Acts as one of several non-catalytic accessory components of the cytoplasmic dynein 1 complex that are thought to be involved in linking dynein to cargos and to adapter proteins that regulate dynein function. Cytoplasmic dynein 1 acts as a motor for the intracellular retrograde motility of vesicles and organelles along microtubules. Binds to transport cargos and is involved in apical cargo transport such as rhodopsin-bearing vesicles in polarized epithelia. Is involved in intracellular targeting of D-type retrovirus gag polyproteins to the cytoplasmic assembly site. May also be a accessory component of axonemal dynein. Plays a role in neuronal morhpogenesis; the function is independent of cytoplasmic dynein and seems to be coupled to regulation of the actin cytoskeleton by enhancing Rac1 activity. The function in neurogenesis may be regulated by association with a G-protein beta-gamma dimer. May function as a receptor-independent activator of heterotrimeric G-protein signaling; the activation appears to be independent of a nucleotide exchange. Plays a role in regulating neurogenesis; inhibits the genesis of neurons from precursor cells during cortical development presumably by antagonizing ARHGEF2. Involved in the regulation of mitotic spindle orientation.

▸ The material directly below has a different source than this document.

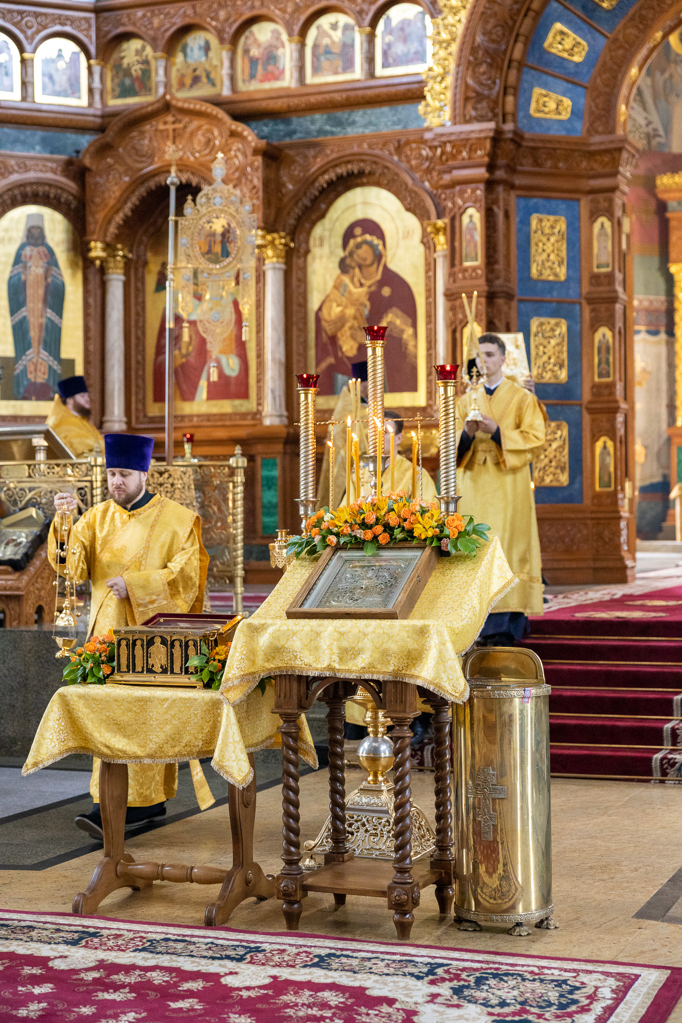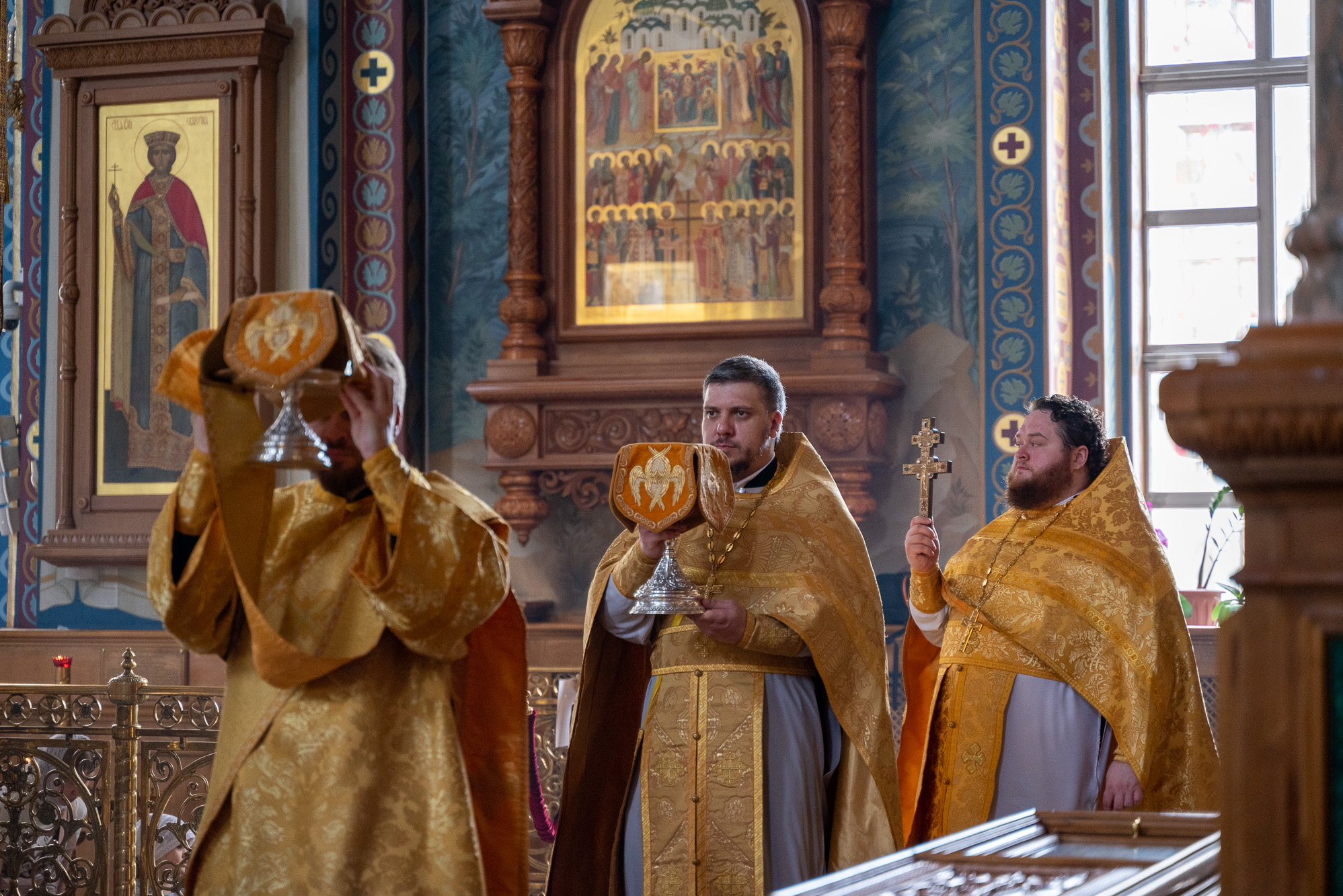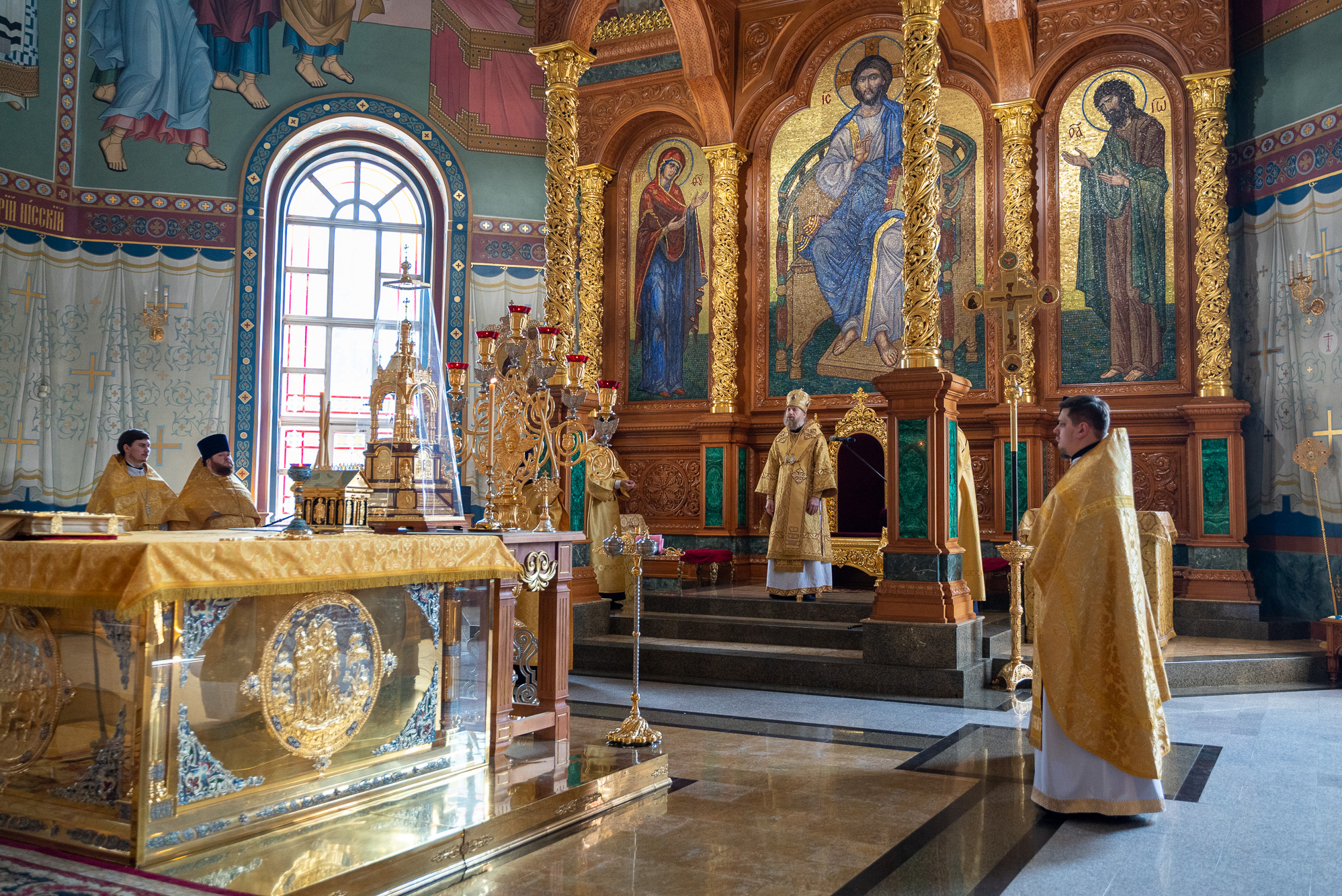 После пения молитвы Господней "Отче наш" и запричастного стиха проповедь на тему евангельского чтения произнес клирик кафедрального собора иерей Олег Шурупов. Множество прихожан в этот воскресный день за архиерейским богослужением приобщились Святых Христовых Таин.

Expressed in heart, placenta, skeletal muscle kidney, pancreas, spleen, prostate, testis, ovary, ileum and colon. Expressed in lung endothelial and smooth muscle cells (at protein level).
Belongs to the dynein light chain Tctex-type family.
Phosphorylated by BMPR2; the phosphorylation is abolished by BMPR2 mutations in exon 12 which lead to truncated forms of BMPR2 and which are linked to primary pulmonary hypertension (PPH1) [MIM:178600]. The phosphorylation status is proposed to regulate the association with the cytoplasmic dynein complex and may have role in cytoplasmic dynein cargo release.